David Ruffin and the Elegant Groove


“I’m always mindful of groove, but why can’t the groove be elegant?”
-Van McCoy

David Ruffin left The Temptations in 1969 ready to take on the world, but after one big hit with My Whole World Ended, he hung in limbo for a few years. There were 4 solid albums released and one that was shelved entirely, each with at least a couple songs that should’ve been hits. Why weren’t they? I have a theory. Ruffin was mercurial, self assured, and dangerous, three traits Berry Gordy did not value in an artist. But had Motown contractually cut him loose to go to a competing label, it would’ve been a disaster. So they kept him on the payroll, under-promote his work, humble him, keep him at arm’s length- no closer, no farther.

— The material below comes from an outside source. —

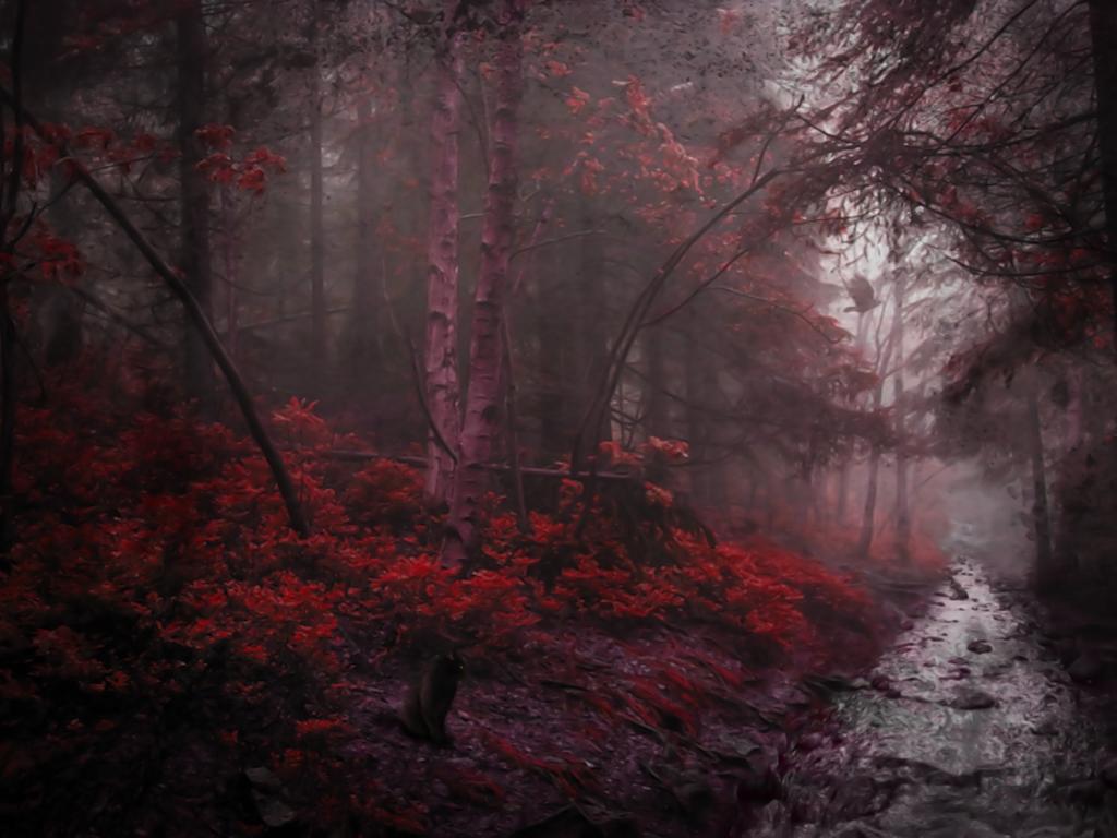 Wallpaper River in the forest often dark red

By 1975, things were very different at Motown. Gordy had moved the entire operation out to California and largely removed himself from day to day matters at the label. The best days of The Temptations were behind them. They had lost Paul Williams, they were losing Eddie Kendricks, and Norman Whitfield was no longer producing their records. Psychedelia was out. Disco was in. Motown, for once, was behind the trend instead of in front. Gordy sat by the pool. Ruffin’s phone rang. Van McCoy was on the line, and he had a plan to follow up his hit, The Hustle. He needed firepower to keep that vibe alive, and David Ruffin was an explosive cat.

In the past he had been too explosive, in fact. He carried a reputation for an ego that had overcome his senses, and The Temptations survived without him. Six years can be a long time in the life of a man, however. The title of the album and the title of the song that would be his first hit in all that time told the story.

“I’m a different person now I need to show you somehow who I am today”

Who I Am is a beautiful record. Filled with strings and lush arrangements, the instrumentation bumps, trumps, and soars as Ruffin’s gruff voice regally strides over it and against it, depending on the tune. Once again, Ruffin would be on top and in a cool groove. He would get another single up on the charts with Statue Of A Fool, a track about living in a mistake forever when your heart tells you to.

David Ruffin did his best work when he sang what he knew.